Reading helps us to write better and communicate better. Knowing how those who really knew how to do it in their day expressed themselves helps us to develop our own style. It helps us to be able to dazzle people, so that they are able to read a long article of many pages without almost letting it go. Or that the general public can read a one-and-a-half-page article, which is a very low bar.
Reading helps to avoid spelling mistakes. Because those who read are less likely to mess up in the noble art of putting each letter where it belongs. Besides, there is no greater mark of ignorance than the obscene and obsessive insistence on not writing well and not wanting to do so. But good spelling also helps to express oneself better and to express oneself more, because those who consciously make spelling mistakes find puns that those who do not read are unaware of. A spelling mistake is not the same as a spelling error. Besides, the one who deliberately misspells is also the master of irony because he can write paragraphs like this one criticizing what he himself is guilty of. That hyphen is without tilde.
Reading helps to make life not so boring. It is what rosemary and thyme are to chicken and rice. Those who read are able to express themselves with greater opulence. Because it is not the same to say that you have a headache (as any mortal would say) as that “on my forehead, the drums of a formless torment thunder, and every thought is an arrow that vibrates between temple and temple”. Because the one who says the former passes through life without pain or glory and the latter will do so with pain and glory. And neither is it the same to say that something does not matter to you as “you make a lot of noise to me, my friend, but your business gives me less care than the shadow that chases the wind”. The first is vulgar and vulnerable to the passage of time, the second assures you a place, at least, in the Olympus of peculiarity.
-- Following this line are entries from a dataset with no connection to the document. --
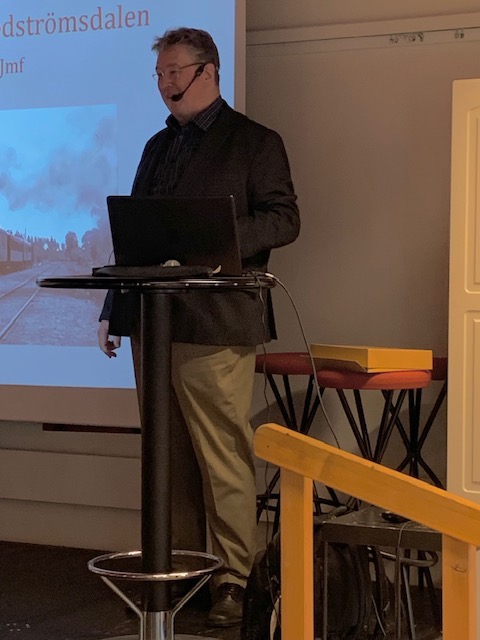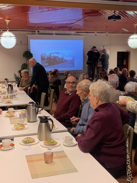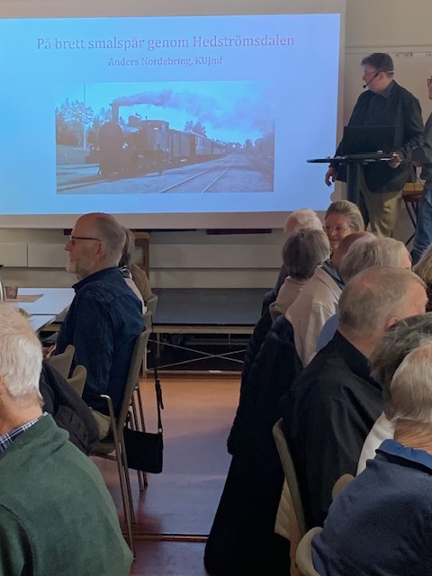 Ordförande Per-Åke Moe hälsade Anders Nordebring välkommen till SPF. Anders tog oss med på en resa längs med KURJ-banan Köpings-Uttersberg-Riddarhyttans järnväg. Den hette först KUJ-banan, gick då till Uttersberg, bygget startade 1863, och sedan kom en förlängning till Riddarhyttan 1880. KUJ och URJ blev KURJ 1911.
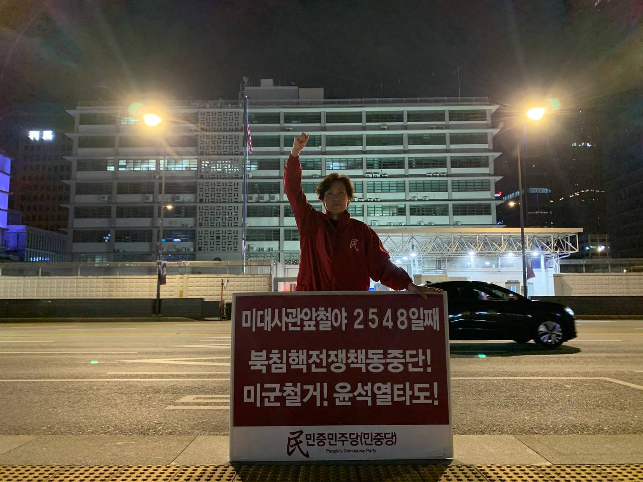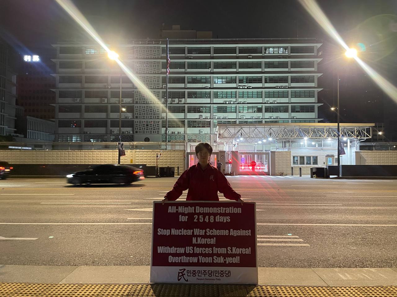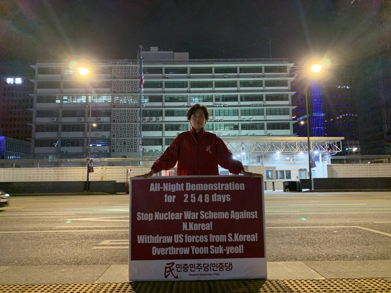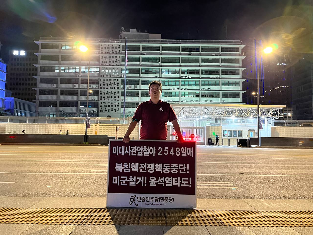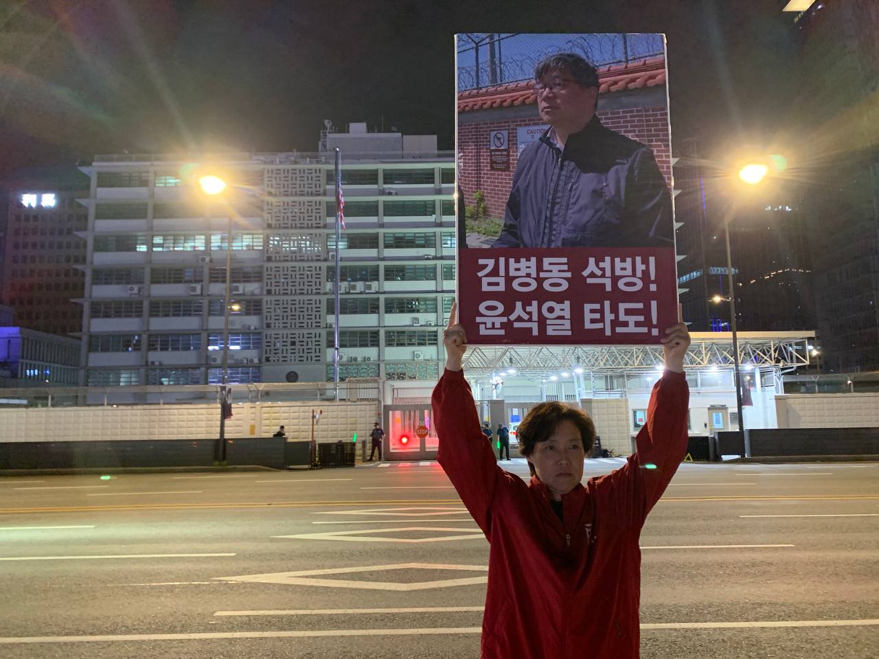 미대사관정문 맞은편에서는 우리말과 영어로 된 구호 <북침핵전쟁책동중단! 미군철거! 윤석열타도!>를 들고 <광화문미대사관앞철야시위>를 진행했다. <김병동석방! 윤석열타도!>, <검찰파쇼 정당탄압 전쟁계엄 윤석열타도!> 구호도 함께 들었다.
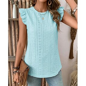 Femmes T-shirts à broderie ajourée A Volants Découpé Dos attaché Couleur Unie Élégant ancien Occasionnel Manche Courte Mancheron Col ras du cou Col rond Hauts Réguliers Occasionnel Quotidien Sortir
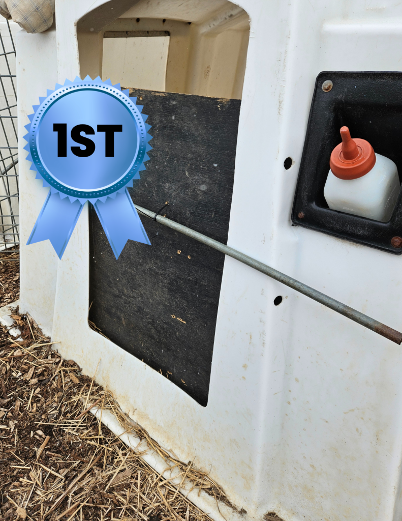 We created an accessory to use on our calf hutches to help protect newborn calves in winter months. We used a piece of plywood approximately 30 inches by 30 inches. We use it to cover the opening in our calf hutches to keep calves warmer until they are ready to face the winter temps but allow reasonable ventilation. To fasten it to the hutch we drilled 4 small holes so that we could insert two zip ties through them to hold one of the metal poles used to keep the wire hutch fences in place. The holes are about 12 inches in from either side and one about two inches above the other. We put the board inside the hutch, slide the pole through the zip tie on the outside, and it is held in place. The sizing allows air to move through the hutch but reduces the exposure for the first few days of the calf’s life. When temperatures allow, we take it out during the day and replace it at night until the calf is ready to experience the cold. It keeps calves body temps up and allows them to put more nutrition toward growth.
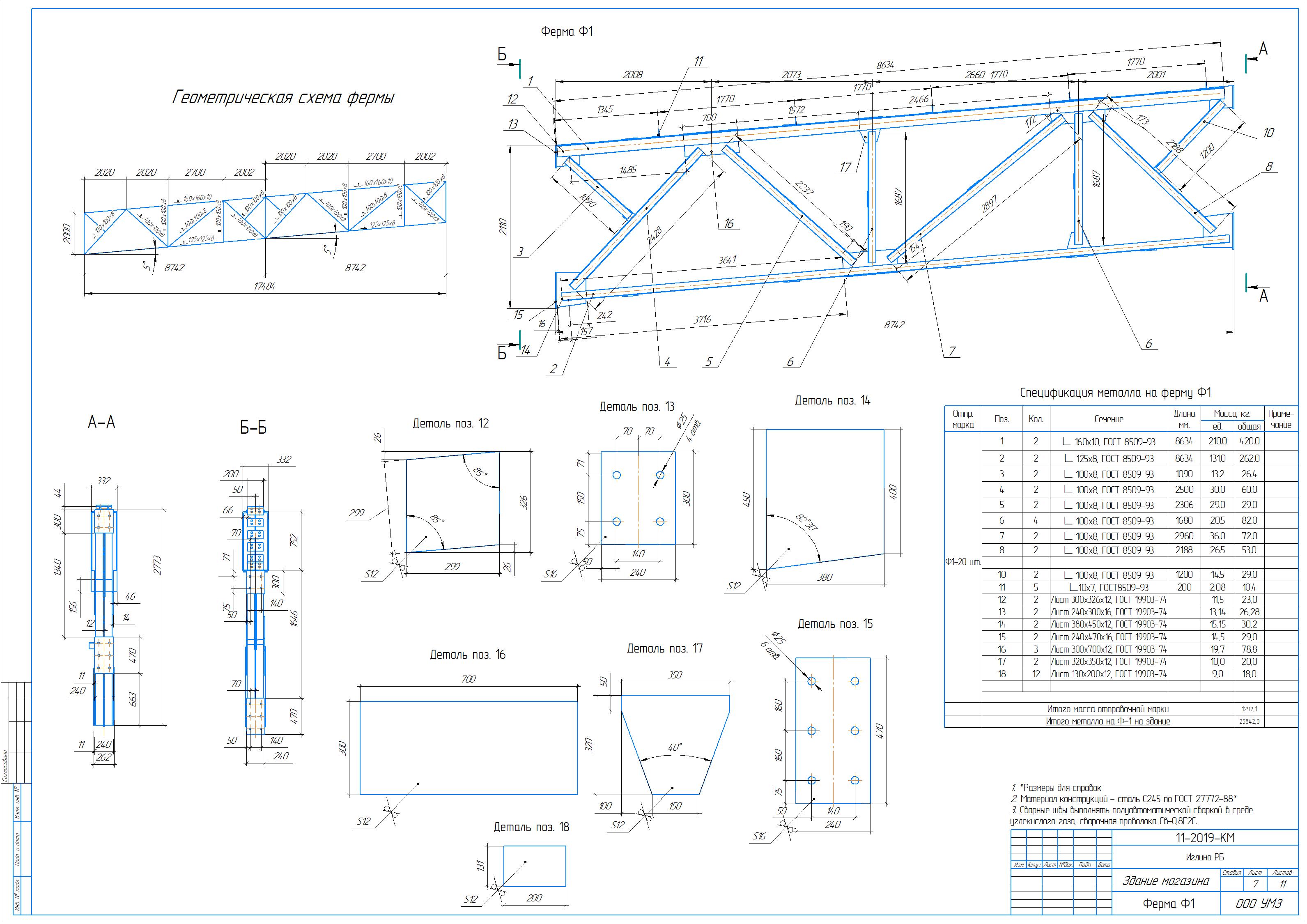 Рабочие чертежи на производственный корпус.

Reading is useful to travel around, to Gulliver’s worlds, to Macondo or to Jandula without having to take a cheap plane at 6 a.m. on a Friday and stay in a speculative apartment where you wait for the time of the free tour to get to know the most hidden corners only known by the millions of tourists who visit every European capital. Books take us to other worlds, to other places where we can reflect on our own lives and learn other points of view that we can then apply to our real experiences when we close the book. I once met a psychiatrist who reminded me of the gypsy Melquíades from One Hundred Years of Solitude. He drew a parallel between the brain and a mansion and said that for every book we read, a new room opens up for us. But of course, even if it’s great to have a very big house with many rooms, the more rooms, the more places to maintain and the more chances you have of being robbed. So maybe it wouldn’t hurt to put an advertisement on the covers of the books, like the one for tobacco. Something that says “Reading seriously harms your health and that of those around you”, but it would be something very intense, it would do a disservice to reading and would perpetuate the stereotype that readers are a nuisance. I insist: stereotype, lest any of you think that I really mean it when I say that we are all a bunch of nincompoops.
So reading is like Swiss Army knives with knife, spoon and screwdriver that neither cuts, nor serves to eat nor unscrews, or like the Adidas 3-in-1 shower gels that we men buy that are gel, shampoo and toothpaste and do not clean the hair, nor the body, nor the mouth. They do everything, but they are useless. That’s right, reading is useless.